Este filme faz parte do Festival Varilux de Cinema Francês de 2018. Para mais resenhas do festival, clique aqui.
Em A Excêntrica Família de Gaspard (Gaspard Va Au Mariage, 2017), após receber um convite inesperado para o segundo casamento de seu pai, o jovem Gaspard (Félix Moati) decide viajar para o zoológico de sua família após ficar alguns anos sem visitar o local. Durante o trajeto ele conhece Laura (Laetitia Dosch), uma jovem aventureira e incomum que aceita fingir ser sua namorada durante o evento. No entanto, o que parecia ser um conturbado reencontro de família com um pai mulherengo, um irmão ressentido e uma estranha irmã, acaba sendo uma reflexão sobre o significado da família e a última chance de Gaspard reviver sua infância.

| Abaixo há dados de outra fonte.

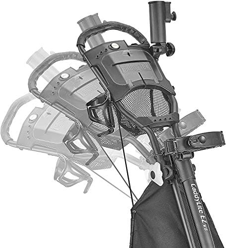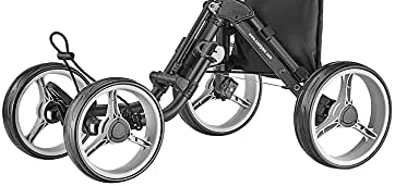 The CaddyTek Superlite 4 wheel Explorer golf cart weights less than 15 lbs and can be folded in 2 simple steps to compact size for easy storage in car trunks before or after your round of golf. The 10. 5″ rear and 9. 5″ front wheels make it Rolling easily in the high grass. Golfers can push the cart effortlessly on all terrain with the stable 4 wheel design, multiple handle positions and smooth-rolling ball-bearing wheels. The CaddyTek Explorer V8 comes with the miscellaneous basket (built-in cooler and is equipped with features that most golfers want, including umbrella holder, scorecard holder with storage compartment, beverage/cell phone/GPS holder and the mesh net on the handle.
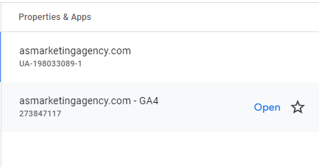 Click “Open” on the property where you want to track events, as shown in the below image, or create a new property if needed.
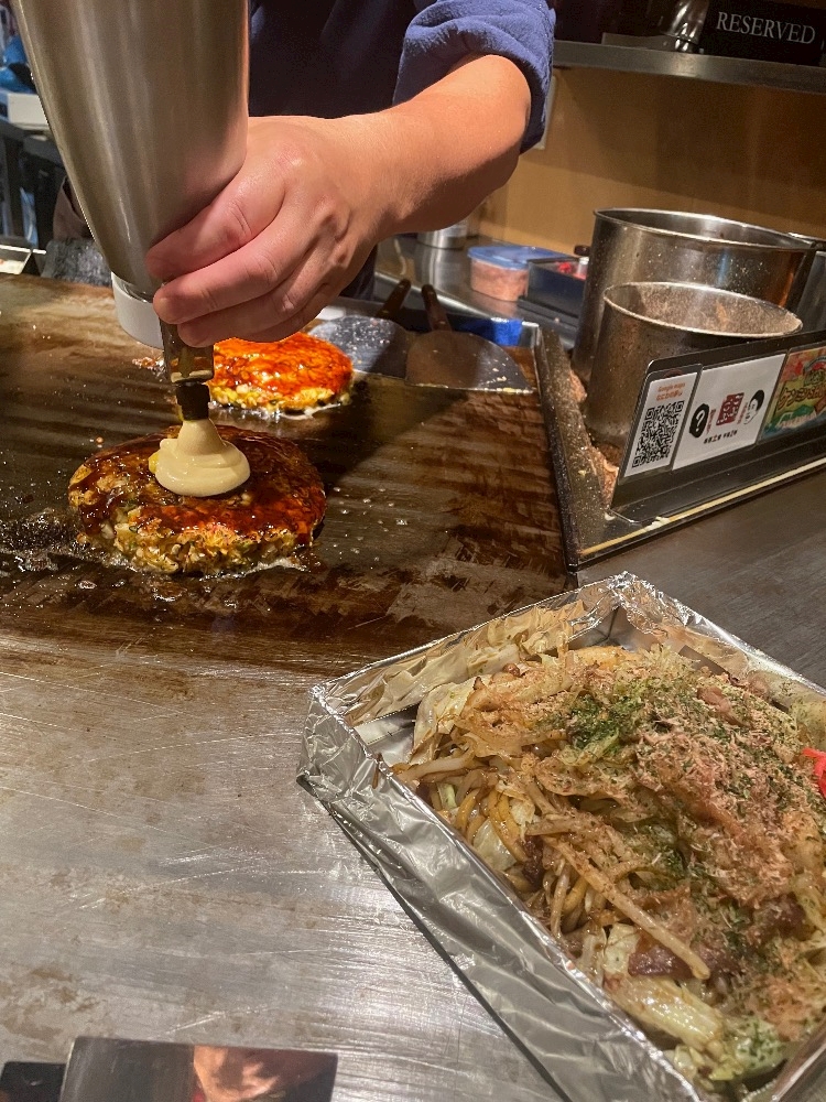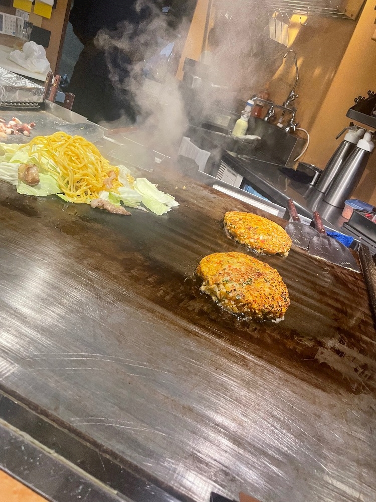 焼きそばと、お好み焼きを3人でわけわけして、食べました😋😋😋
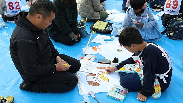 参加者は受付時に受け取ったたこの材料を使って早速たこ作りの開始です。子ども達は好きなキャラクターや怪獣、電車、今年の干支(えと)にちなんだ馬のイラストなどをカラーペンで自由に描き、竹ひごの骨組み取り付けや、バランスを取るため尻尾づくりなどの難しい工程は一緒に参加した両親や祖父母らが協力しながら、それぞれの個性が詰まったたこを作りあげました。
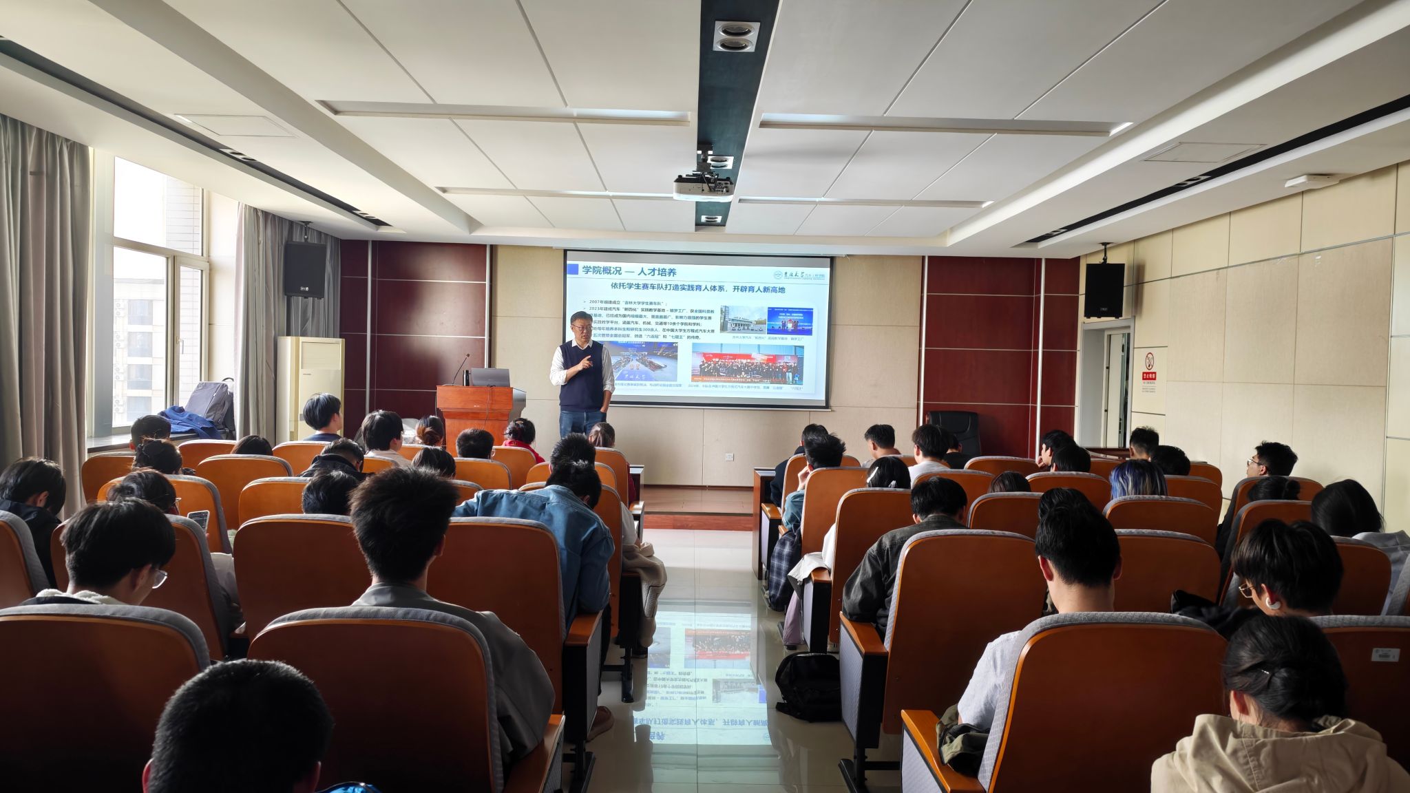 报告结束后,李明教授围绕黄色网站-偷拍黄色网站-免费黄色网站 的研究生培养特色开展招生宣讲。他介绍了*黄色网站 从学士到博士后的完整人才培养体系,重点解读了2026年车辆工程、动力工程及工程热物理等学科的招生计划、导师团队及科研方向,展示了*黄色网站 在智能网联汽车、新能源汽车、集成式热管理系统等领域的科研平台与成果。

Durante o filme, o que mais chama a atenção é a construção das personagens. Quando a família é apresentada, fica evidente a importância que ela terá no desenvolvimento do filme. A irmã de Gaspard, Coline (Christa Theret), é o grande destaque do núcleo principal. Com uma personalidade excêntrica, ela representa muito bem a dificuldade de se desapegar da infância vivida no zoológico e se abrir para o mundo, tanto pela construção da personagem, quanto pela atuação excelente de Theret, além de proporcionar até mesmo um debate social acerca do meio em que somos criados.
Outro ponto trazido por Coline é a estranha relação que ela parece ter com o irmão, muito semelhante a relação dos gêmeos Isabelle (Eva Green) e Theo (Louis Garrel) no clássico filme Os Sonhadores (The Dreamers, 2003). O que se inicia como uma relação incômoda e quase incestuosa, entretanto, torna-se um questionamento sobre as relações fraternais, os sentimentos que elas evocam e as marcas deixadas pela infância.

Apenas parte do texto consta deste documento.